- **Directions for this task**: Retype exactly the lines from the one that contains "近日,根据《江苏省人力资源社" through the end of the listing, both included, but not the pictures.

- **Data extract**:
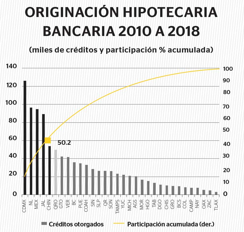 Indicó que si se considera la colocación hipotecario acumulada por la banca entre 2010 y 2018, la Ciudad de México (CDMX), Nuevo León, Estado de México, Jalisco y Chihuahua, concentraron el 50.2% de la colocación a nivel nacional. Le siguieron Querétaro, Guanajuato, Veracruz, Baja California y Puebla.
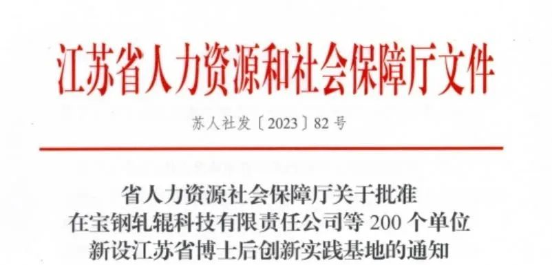 近日,根据《江苏省人力资源社会保障厅关于批准在宝钢轧辊科技有限责任公司等200个单位新设江苏省博士后创新实践基地的通知》(苏人社发〔2023〕82号)精神,经专家评审,百佳年代成功获批“江苏省博士后创新实践基地”,标志着公司高层次人才培养平台建设迈入省级行列。
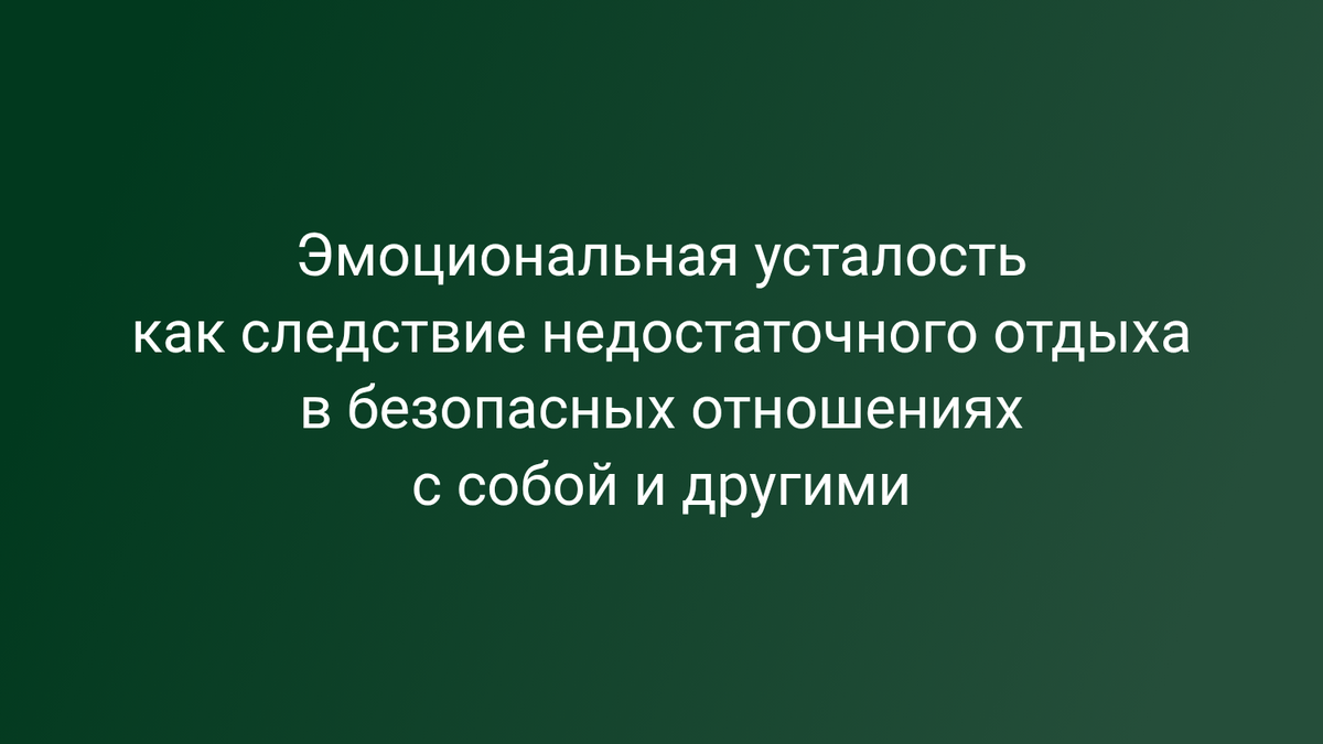 По Питу Уокеру, так же как ложное чувство голода имеет чисто эмоциональную подоплёку, так и чувство усталости может не быть связано с недосыпом и физическим истощением. Он считает, что эмоциональная усталость возникает из-за того, что вы недостаточно отдыхаете в безопасных отношениях с самим собой или с другим человеком. Это эмоциональное истощение часто маскируется под физиологическую усталость. К сожалению, со временем и та, и другая могут тесно переплестись. Распространённая ловушка. Усталость➡страх➡активация внутреннего критика➡он говорит, что усталость=недопустимое несовершенство➡бегство от отдыха в трудоголизм и занятость➡физическое истощение, обессиливание➡болезненное погружение в депрессию➡бегство в трудоголизм и занятость при первых признаках пополнения адреналина и далее цепочка замыкается, периоды резкой смены от адреналиновых выбросов к болезненной депрессии продолжаются. "Лечение эмоциональной усталости физиологическими методами является тупиковым. Ограниченная эффе

- **Answer to the exercise**:
 近日,根据《江苏省人力资源社会保障厅关于批准在宝钢轧辊科技有限责任公司等200个单位新设江苏省博士后创新实践基地的通知》(苏人社发〔2023〕82号)精神,经专家评审,百佳年代成功获批“江苏省博士后创新实践基地”,标志着公司高层次人才培养平台建设迈入省级行列。
 По Питу Уокеру, так же как ложное чувство голода имеет чисто эмоциональную подоплёку, так и чувство усталости может не быть связано с недосыпом и физическим истощением. Он считает, что эмоциональная усталость возникает из-за того, что вы недостаточно отдыхаете в безопасных отношениях с самим собой или с другим человеком. Это эмоциональное истощение часто маскируется под физиологическую усталость. К сожалению, со временем и та, и другая могут тесно переплестись. Распространённая ловушка. Усталость➡страх➡активация внутреннего критика➡он говорит, что усталость=недопустимое несовершенство➡бегство от отдыха в трудоголизм и занятость➡физическое истощение, обессиливание➡болезненное погружение в депрессию➡бегство в трудоголизм и занятость при первых признаках пополнения адреналина и далее цепочка замыкается, периоды резкой смены от адреналиновых выбросов к болезненной депрессии продолжаются. "Лечение эмоциональной усталости физиологическими методами является тупиковым. Ограниченная эффе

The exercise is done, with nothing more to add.